Hi @siginigin,
I shared your reply with the team, and they offered the following:
As an alternative to creating an off_hours
field by enriching the data at ingest time (via an ingest pipeline, or in your case, Logstash), you may consider experimenting with defining off_hours
as a Runtime field.
The following description of runtime fields is from the Runtime fields: Schema on read for Elastic blog post:
Runtime fields enable you to create and query fields that are evaluated only at query time. Instead of indexing all the fields in your data as it’s ingested, you can pick and choose which fields are indexed and which ones are calculated only at runtime as you execute your queries. Runtime fields support new use cases and you won’t have to reindex any of your data.
Exploring a solution based on runtime fields
Note: Runtime fields are beta functionality and subject to change. The details below were shared by a colleague who briefly experimented with runtime fields based on your use case. The information below does not describe a complete solution.
The following POST
creates a runtime field a runtime field named hour_of_day
, which extracts just the hour portion from the @timestamp
field:
POST test-index/_mapping
{
"runtime": {
"hour_of_day": {
"type": "long",
"script": {
"source": """
emit(doc['@timestamp'].value.hourOfDay)
"""
}
}
}
}
The goal of creating a runtime field like hour_of_day
in the example above, would be to refer to hour_of_day
in a detection rule's KQL query, e.g. hour_of_day >= 22 OR hour_of_day <=5
However, a caveat to the script above is when a date
field is accessed via the doc
collection:
emit(doc['@timestamp'].value.hourOfDay)
the timezone information is lost, and the hourOfDay
is always reported in UTC. This happens because doc
is using the indexed field, which under-the-hood is really just a number representing milliseconds since the epoch.
My colleague found that when fields are accessed via params._source
instead of doc
, per the example below, it's possible to get the original string value from the event, and extract the timezone information from it:
"hour_of_day": {
"type": "long",
"script": {
"source": """
ZonedDateTime zdt = ZonedDateTime.parse(params._source['mytimestamp']);
emit(zdt.getHour());
"""
}
},
The example above doesn't implement error handling for the case where timestamps can't be parsed. Without error handling, a single document containing a non-parsable timestamps could cause the entire query to fail.
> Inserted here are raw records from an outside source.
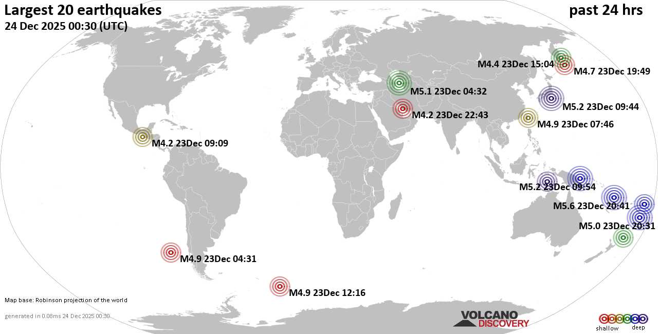 По данным Геологической службы Соединенных Штатов (USGS), ежегодно в мире происходит в среднем около 500000 обнаруживаемых землетрясений, или около 1400 землетрясений в день.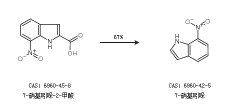 1.通过7-硝基吲哚-2-甲酸合成7-硝基吲哚,收率约67%;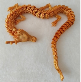 3D打印定制龍年擺件過程是,先在電腦上擺好造型,加上支撐。加好支撐的文件就可以上機(jī)打印了,選擇的是SLA工藝,白色樹脂光固化一體成型。光敏樹脂打印,精度高、成型快,易于模型后期打磨和上色。3D打印完成后經(jīng)過洗件、去支撐、打磨,龍的白模就做好了。接下來(lái)就可以對(duì)龍模型進(jìn)行上色處理了,處理完成就是成品了,下面看看3D打印龍擺件的成品吧。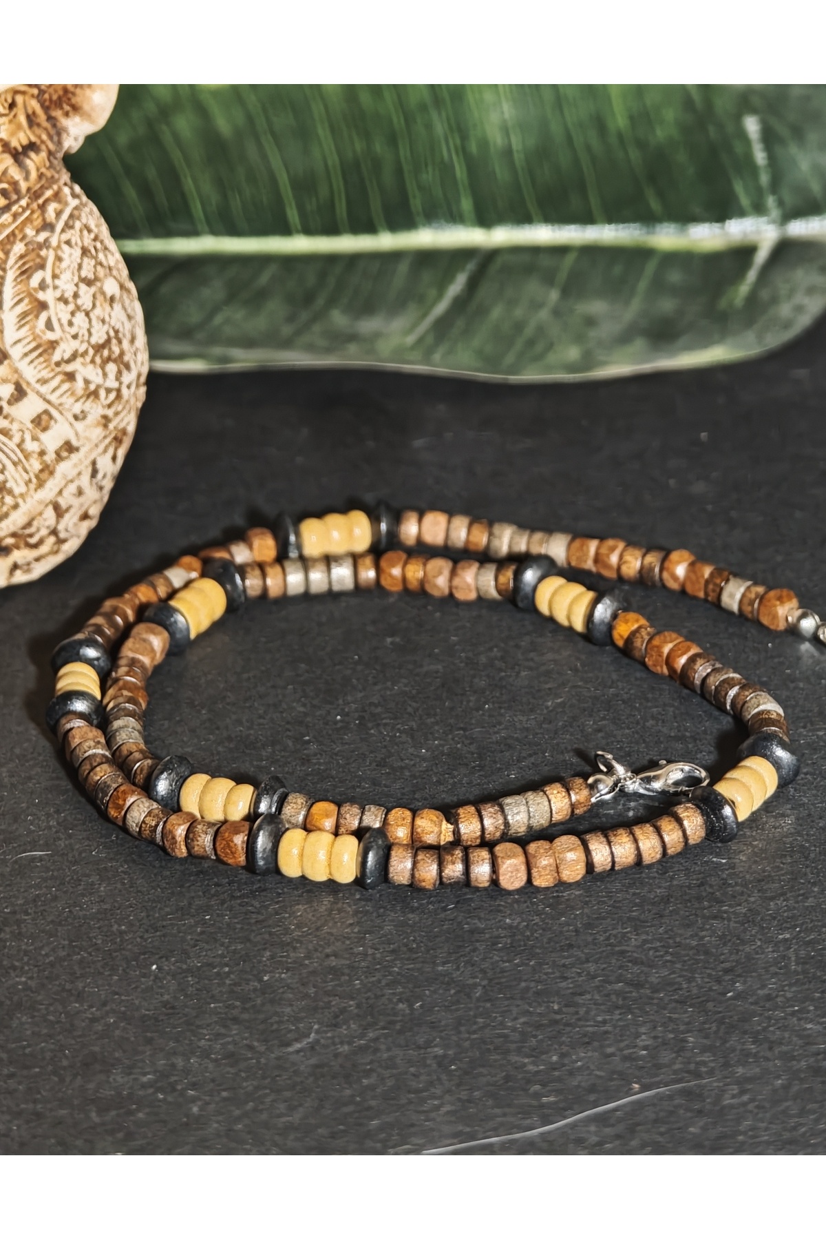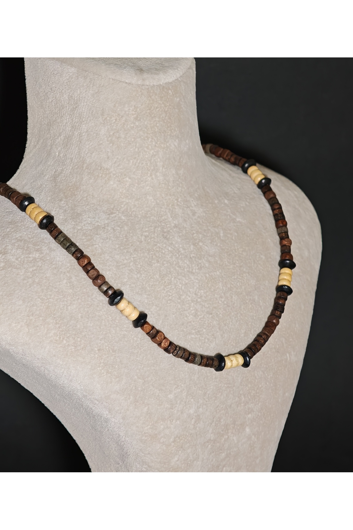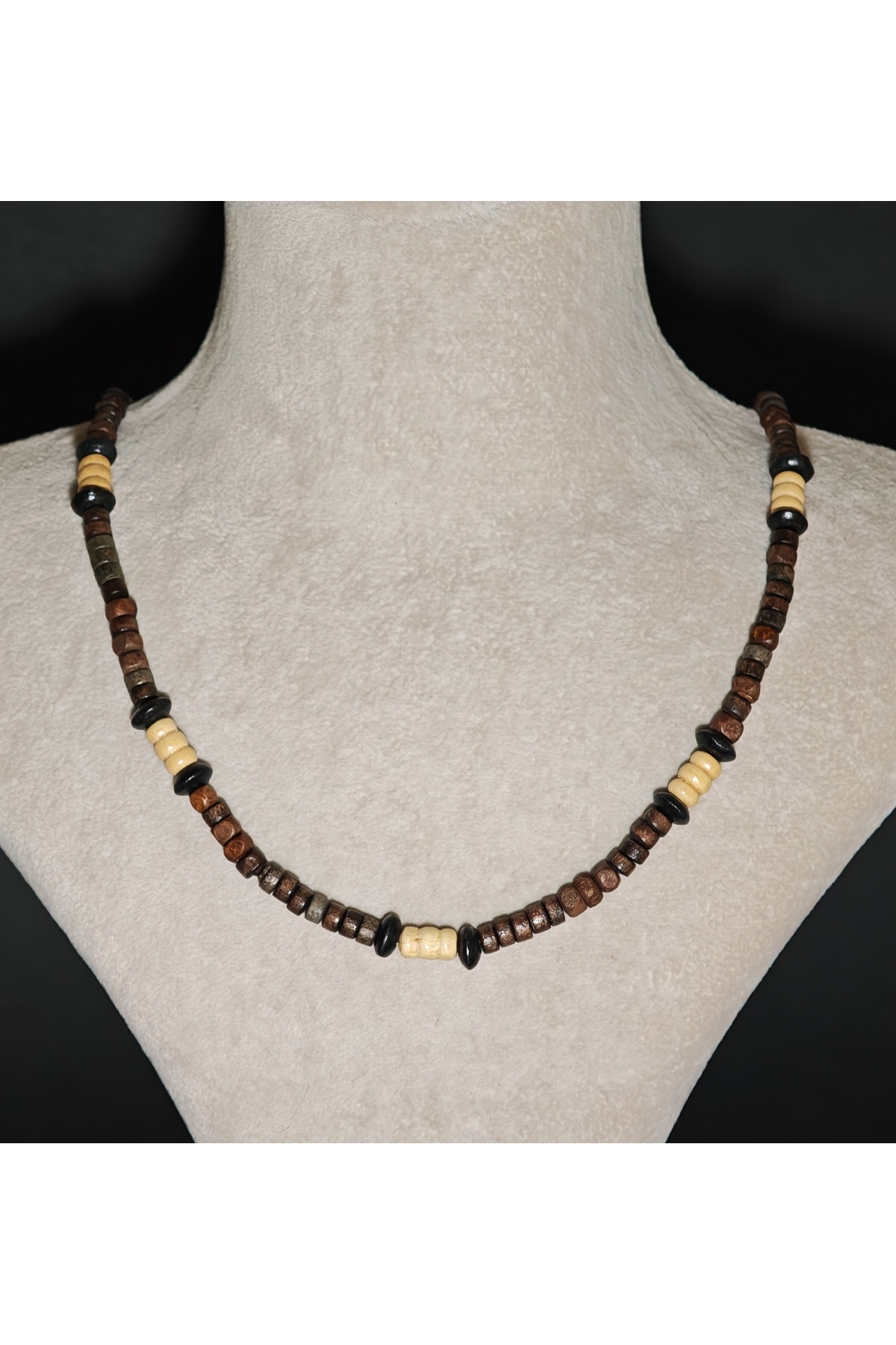 Ahşap boncuk bohem tarzı uzanma zincirli erkek kolye Ahşap boncuk bohem tarzı uzanma zincirli erkek kolye 00013 29 cm

Thus, neither of the examples above are a complete implementation of hour_of_day
as a runtime field, but they can serve as a starting point for experimentation.
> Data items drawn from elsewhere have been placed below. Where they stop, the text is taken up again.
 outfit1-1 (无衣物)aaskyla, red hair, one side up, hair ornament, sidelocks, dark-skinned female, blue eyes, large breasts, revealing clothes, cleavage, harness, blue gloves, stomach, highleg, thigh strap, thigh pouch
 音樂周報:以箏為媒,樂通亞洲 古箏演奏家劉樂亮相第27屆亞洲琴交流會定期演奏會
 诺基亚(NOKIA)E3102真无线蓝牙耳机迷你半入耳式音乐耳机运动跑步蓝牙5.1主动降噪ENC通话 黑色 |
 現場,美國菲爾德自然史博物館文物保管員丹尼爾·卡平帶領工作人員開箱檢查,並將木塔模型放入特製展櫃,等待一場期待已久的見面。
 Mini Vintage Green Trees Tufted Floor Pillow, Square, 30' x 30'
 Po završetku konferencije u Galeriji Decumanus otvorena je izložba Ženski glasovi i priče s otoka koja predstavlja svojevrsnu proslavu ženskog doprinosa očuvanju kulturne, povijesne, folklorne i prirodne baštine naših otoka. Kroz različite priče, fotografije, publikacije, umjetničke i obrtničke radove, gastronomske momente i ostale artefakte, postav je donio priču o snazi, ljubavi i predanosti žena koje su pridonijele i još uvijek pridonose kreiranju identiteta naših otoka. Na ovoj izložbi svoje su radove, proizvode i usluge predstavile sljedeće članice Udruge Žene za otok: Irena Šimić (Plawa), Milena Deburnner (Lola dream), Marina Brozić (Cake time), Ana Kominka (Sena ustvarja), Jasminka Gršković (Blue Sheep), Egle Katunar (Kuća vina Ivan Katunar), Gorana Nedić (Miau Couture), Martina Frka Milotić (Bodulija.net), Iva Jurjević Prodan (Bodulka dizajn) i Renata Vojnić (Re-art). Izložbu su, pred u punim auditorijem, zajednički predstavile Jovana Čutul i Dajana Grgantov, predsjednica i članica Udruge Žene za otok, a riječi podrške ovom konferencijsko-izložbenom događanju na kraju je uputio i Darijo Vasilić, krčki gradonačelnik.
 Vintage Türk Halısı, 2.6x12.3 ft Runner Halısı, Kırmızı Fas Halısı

Another colleague noted that even if hour_of_day
is implemented as a runtime field that reliably works across time zones so it can be referred to in KQL, the definition of "normal working hours" can still vary widely, even for users in the same time zone. It may be possible to pivot to a machine-learning-driven approach to this problem, where ML determines what "off hours" is based on the behavior on an individual user over time. The folks here are best-positioned to answer questions about an ML-driven approach, if that's an alternative you're willing to explore at this time.